*** Provided records

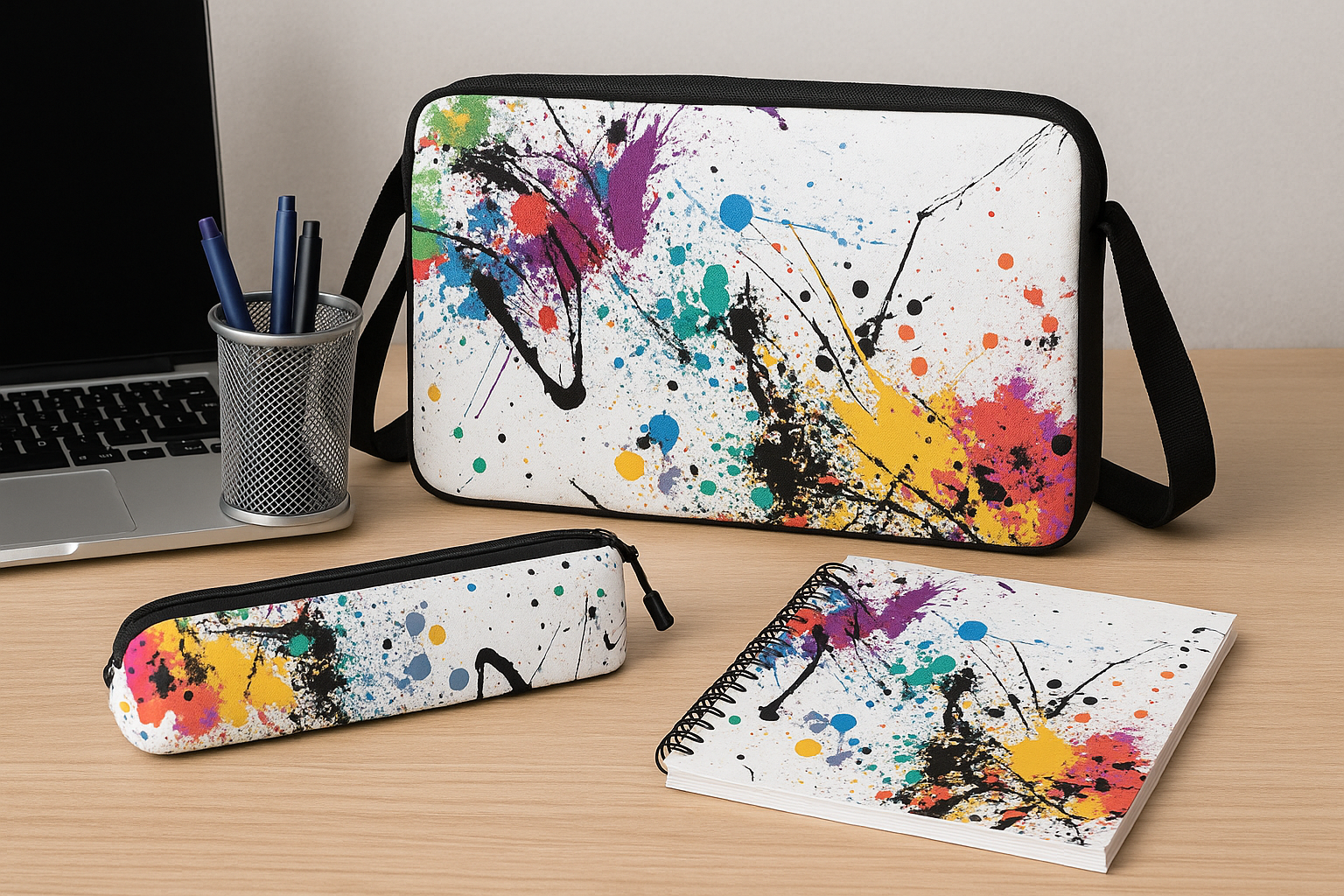 Bundle includes a vibrant full-print laptop bag, a stylish notebook (hardcover), and a versatile pencil case. Perfect for studying, planning, and daily use with durable materials and eye-catching designs
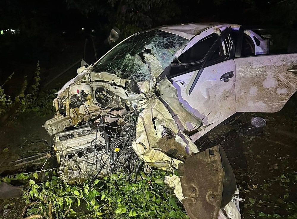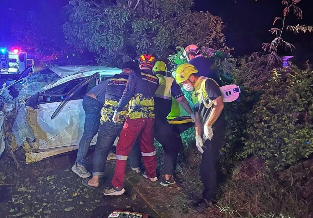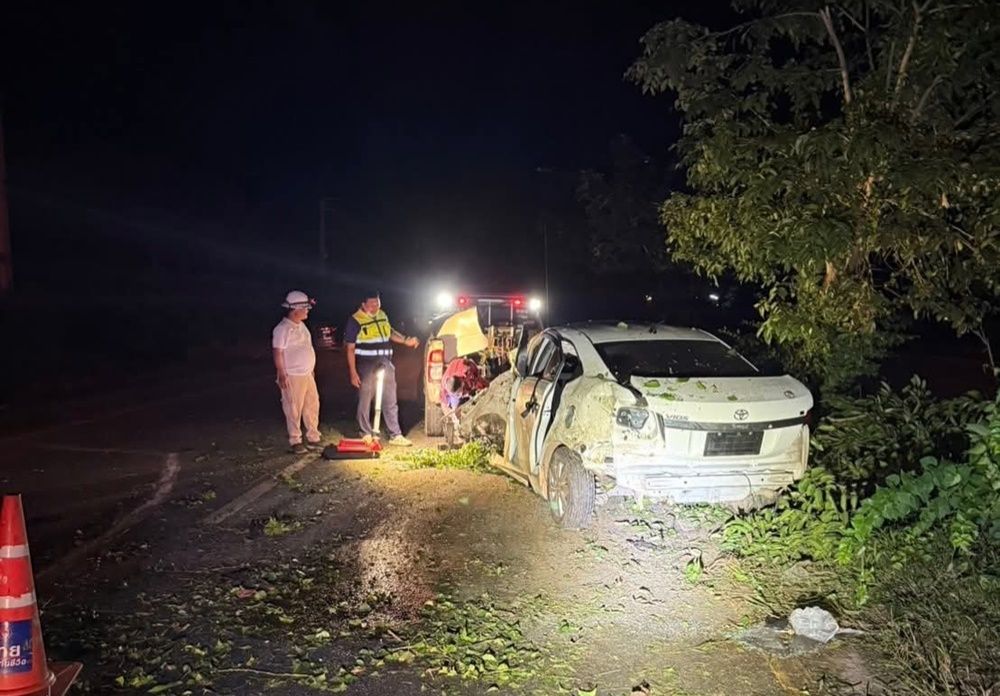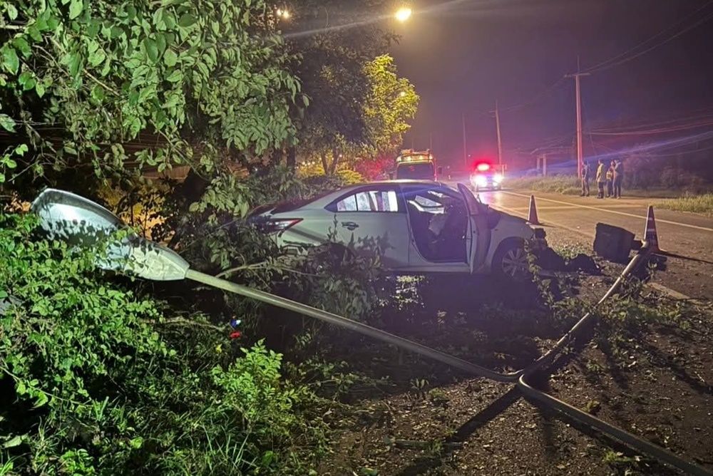 สาว 19 ซิ่งเก๋งกลางดึกเสียหลักชนเสาไฟหักโค่นเจ็บสาหัสคารถ
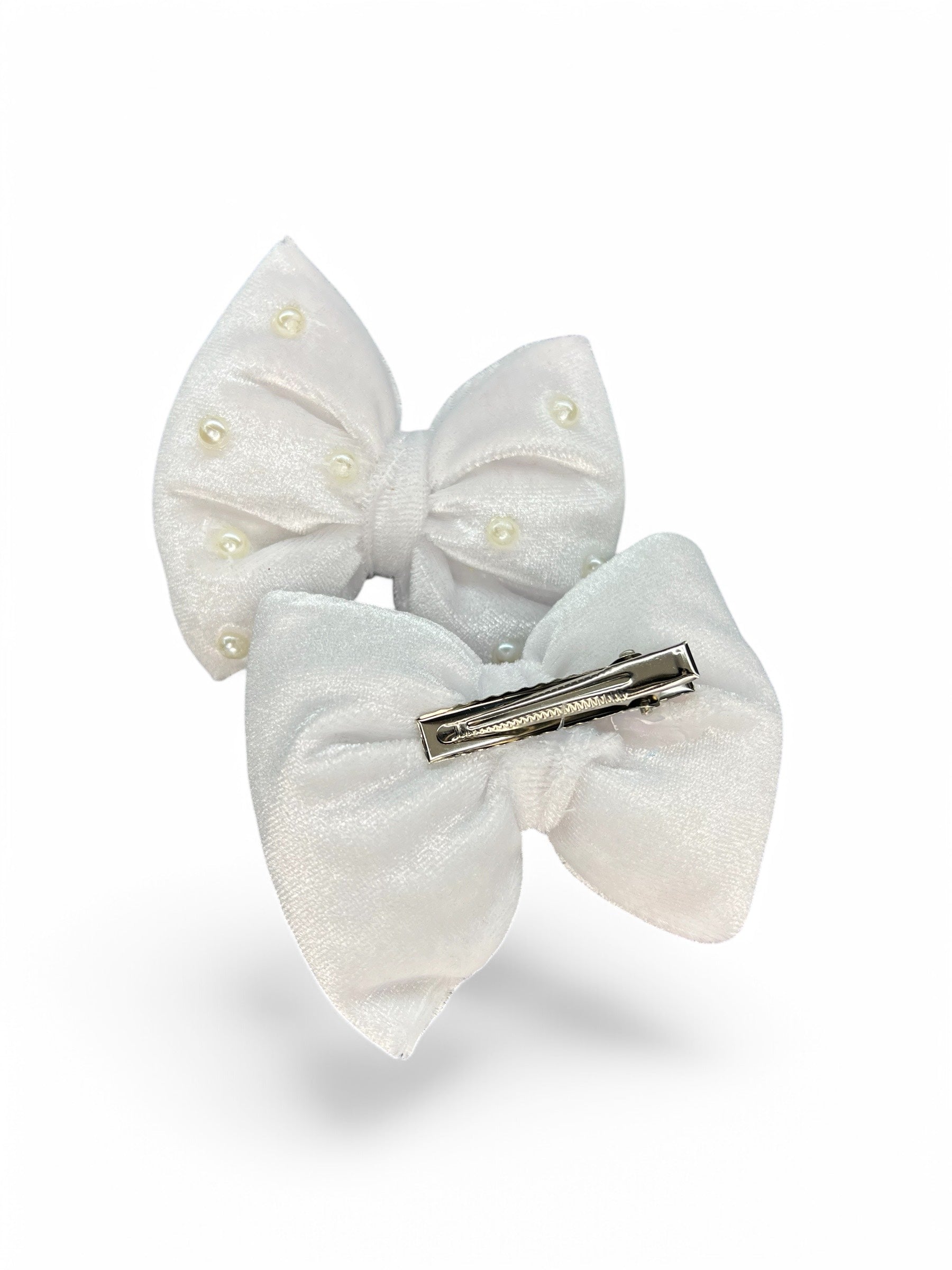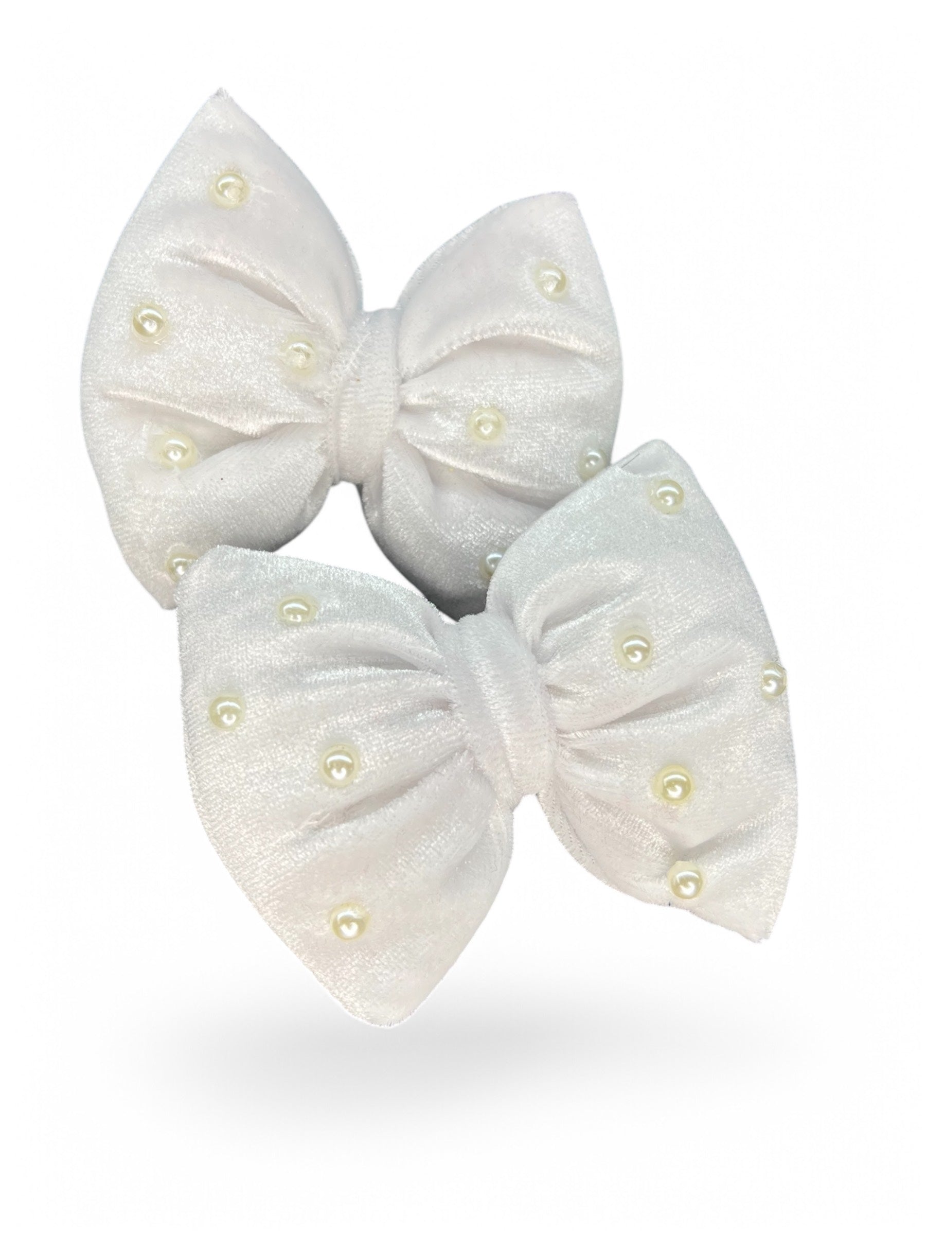 Shiritat e bardhë velvet të punuar me dorë me perla të qepura. Shumë mbresëlënëse dhe ideale për paraqitje formale.
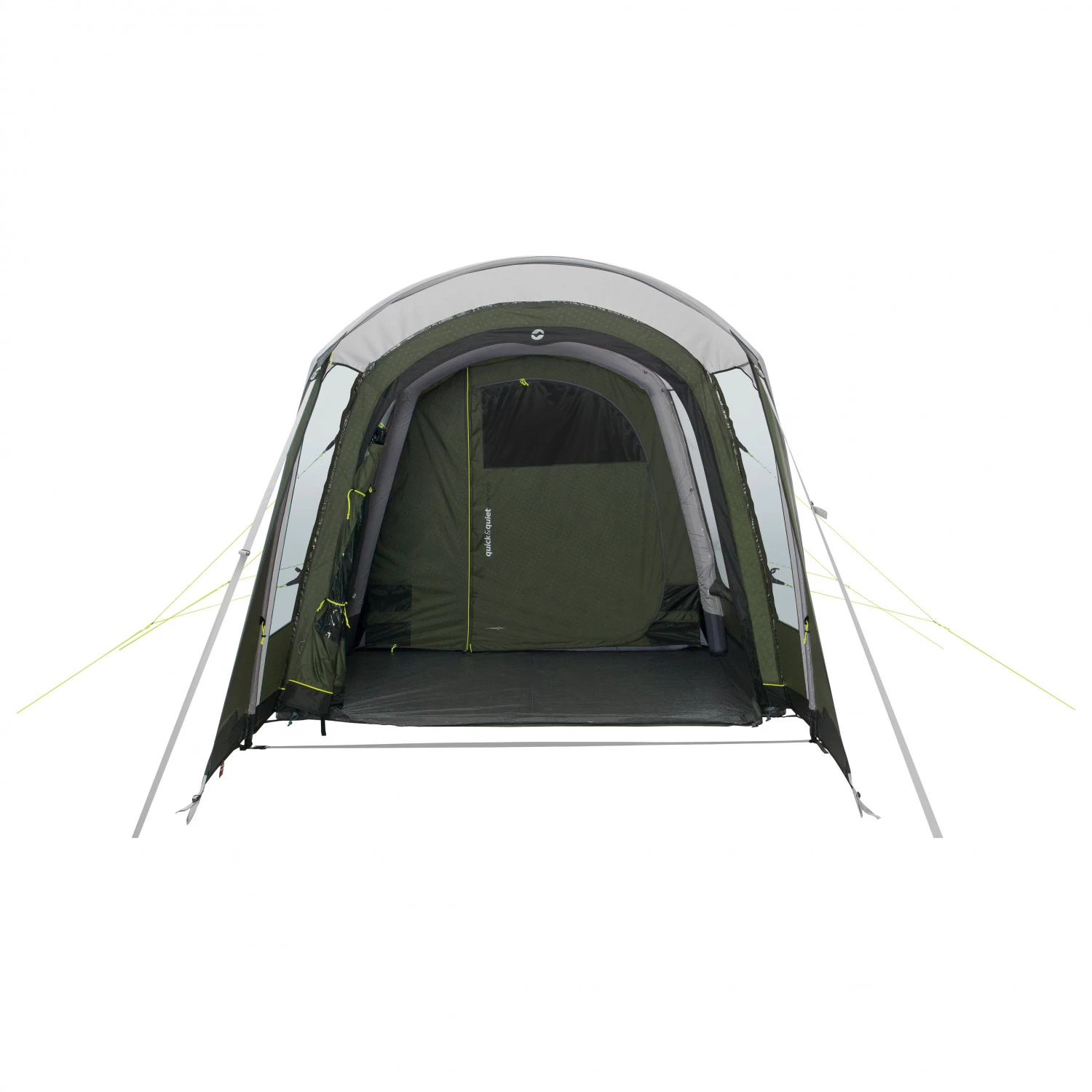 The entrance area is equipped with a canopy and a large Quick & Quiet mesh entrance door. The inner tent is made of breathable polyester and is divided into a living area and a separate sleeping cabin. The sleeping cabin has a Quick & Quiet door and can easily accommodate up to three people. The dark fabric and the ventilation system on the back ensure a pleasant climate for sleeping. The versatile HookTrack hanging system allows you to hang lights and lighter items weighing up to 1.5 kg. Other small items can be stowed in the mesh pockets. It’s completed by cable openings to power your electronics. You’ll have a great time camping with the Elmdale 3PA from Outwell.
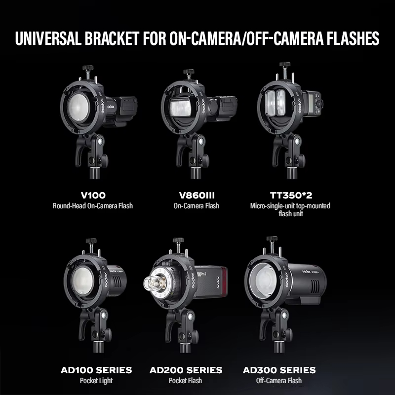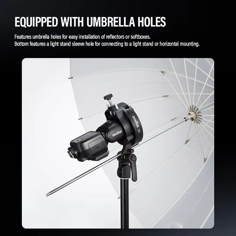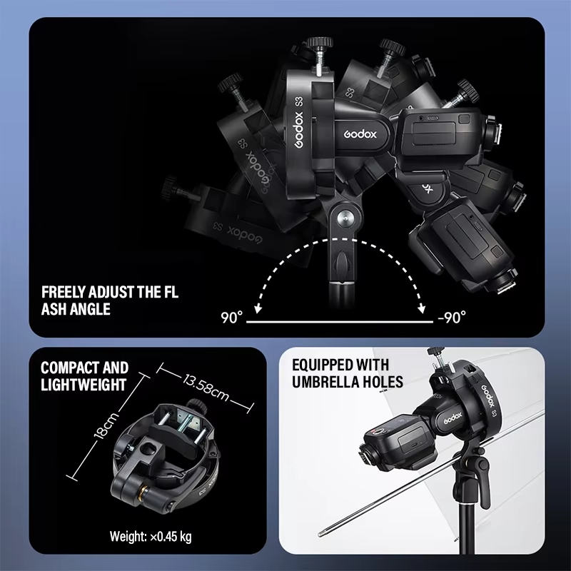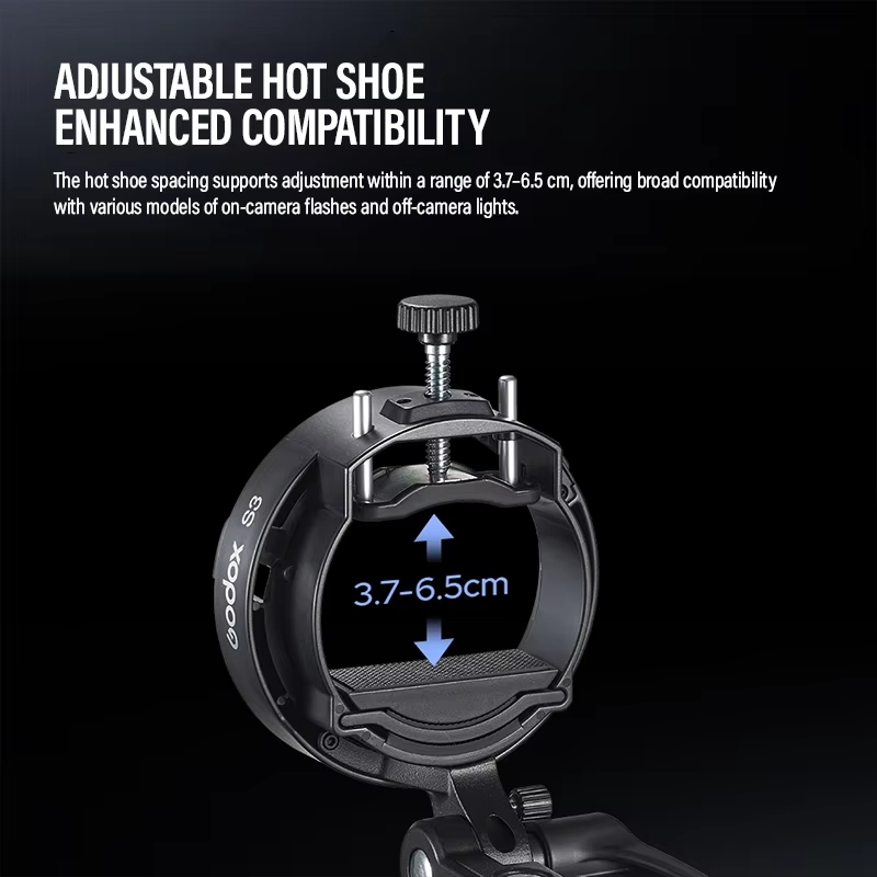 Godox S3 là giá đỡ Speedlite loại S (S-type) với chân gắn Bowens, tương thích với các đèn flash Godox như V100, V860II, AD200, AD300. Đây là phụ kiện hỗ trợ gắn đèn flash ngoài vào các thiết bị chiếu sáng hoặc softbox có chuẩn Bowens.
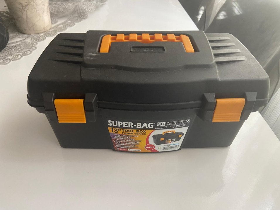 Siyah ve turuncu renklerde 13 inçlik alet kutusu, sağlam sap ve güvenli kilitlerle düzenli saklama sağlar. Super-Bag Power Serisi ürünüdür.

******

Keep the pictures out and repeat exactly the lines from the beginning of the data through the line that contains "Shiritat e bardhë", both ends included.

 Bundle includes a vibrant full-print laptop bag, a stylish notebook (hardcover), and a versatile pencil case. Perfect for studying, planning, and daily use with durable materials and eye-catching designs
 สาว 19 ซิ่งเก๋งกลางดึกเสียหลักชนเสาไฟหักโค่นเจ็บสาหัสคารถ
 Shiritat e bardhë velvet të punuar me dorë me perla të qepura. Shumë mbresëlënëse dhe ideale për paraqitje formale.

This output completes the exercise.